# Wie bekomme ich diese Kurbel herunter (Puky-Rad)?



## comping (1. Mai 2012)

Hallo,

weiß einer von euch vielleicht, wie ich diese Kurbel herunter bekomme? Puky hat hier irgendeinen Mist verbaut und ich muss an das Innenlager ran (wobei das leider eigentlich auch gar nicht den Namen Innenlager verdient hat ).



 

 



Die Kurbel selber hat gar kein Gewinde wie sonst. Der Vierkant innendrin, auf den die Kurbel aufgeschoben ist, hat innen ein M8x1,00 Gewinde.

Habt ihr so etwas schon mal gesehen? 

Vielen Dank und beste Grüße
Stefan


----------



## wauso (2. Mai 2012)

kleine trick bei uns in der gemeinnützigen fahrradwerkstatt. eine schraube reinplumpsen lassen um das gewinde vom innenlager zu verstopfen, schraube in das kurbelgewinde drehen (m8 oder m10) und beim eindrehen der schraube löst sich die kurbel. 

in deinem besonderen einzellfall hilft meine rmeinung nach nur ein sogenannter klauenabzieher.

http://www.google.de/imgres?q=klaue...w=174&start=0&ndsp=28&ved=1t:429,r:4,s:0,i:72

wenn das ganze dann noch verrostet ist wäre ich persönlich gefrustet und würde zu plan f greifen (flex)


----------



## MTB-News.de




----------



## comping (2. Mai 2012)

Hallo wauso,  klar, so ein Abzieher für Kugellager etc. müsste natürlich funktionieren. Habe ich aber leider nicht. 

Aber das muss doch auch sonst noch irgendwie möglich sein!

Könnte es sein, dass es sich hierbei um eine "Futura" Tretkurbel handelt?

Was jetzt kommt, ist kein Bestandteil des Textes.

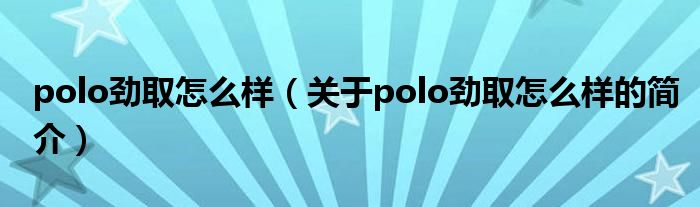 本文關于polo勁取怎么樣的簡介就講解完畢,希望對大家有所幫助。
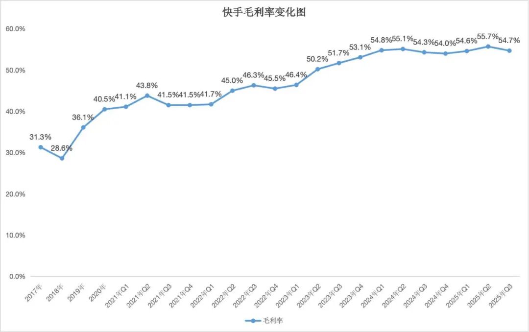 比如,第三季度,快手的销售及营销开支为104亿元,与2024年同期持平,远低于收入同比增速,其所占总收入比例下降了4个百分点。再比如,快手的行政开支为6.88亿元,同比减少了13.6%,该下滑主要是由于员工福利开支(包括相关以股份为基础的薪酬开支)减少。这可能是因为快手进行了裁员。

Ich habe gestern Nacht noch diesen Abzieher für "Futura" Tretkurbeln gefunden - wobei mir überhaupt nicht klar ist, wie das funktionieren soll:
http://www.fahrradladen-berlin.de/B...ieher/Abzieher-Kettenradgarnitur-2670-00.html

Aber Futura würde passen, weil an der Puky Kurbel exakt diese Kurbelschrauben verbaut sind und sie auch etwas herausschauen und nicht versenkt sind, wie hier genannt:
http://www.fahrrad-richter.de/product_info.php?products_id=2571

Schöne Grüße und besten Dank für weitere Hinweise
Stefan


----------



## wauso (2. Mai 2012)

braucht es für den nicht wieder ein gewinde in der krubel? bin nicht sicher ob der funktioniert. wir haben da jedenfalls immer die kralle genutzt. wir haben das viel bei bikes aus den 60er 70er jahren, gern auch bei ddr rädern.


----------



## the.lowrider (14. August 2012)

@comping:
hast du dir kurbel schon abbekommen? Ich steh momentan vor dem selben Problem.
@wauso:
wie genau meinst du das denn, mit der kleinen Schraube? Das Problem ist ja, dass die Kurbel kein Innengewinde bein Tretlager hat, daher funktioniert dein Trick nicht, oder?

Schon mal danke für die Infos


----------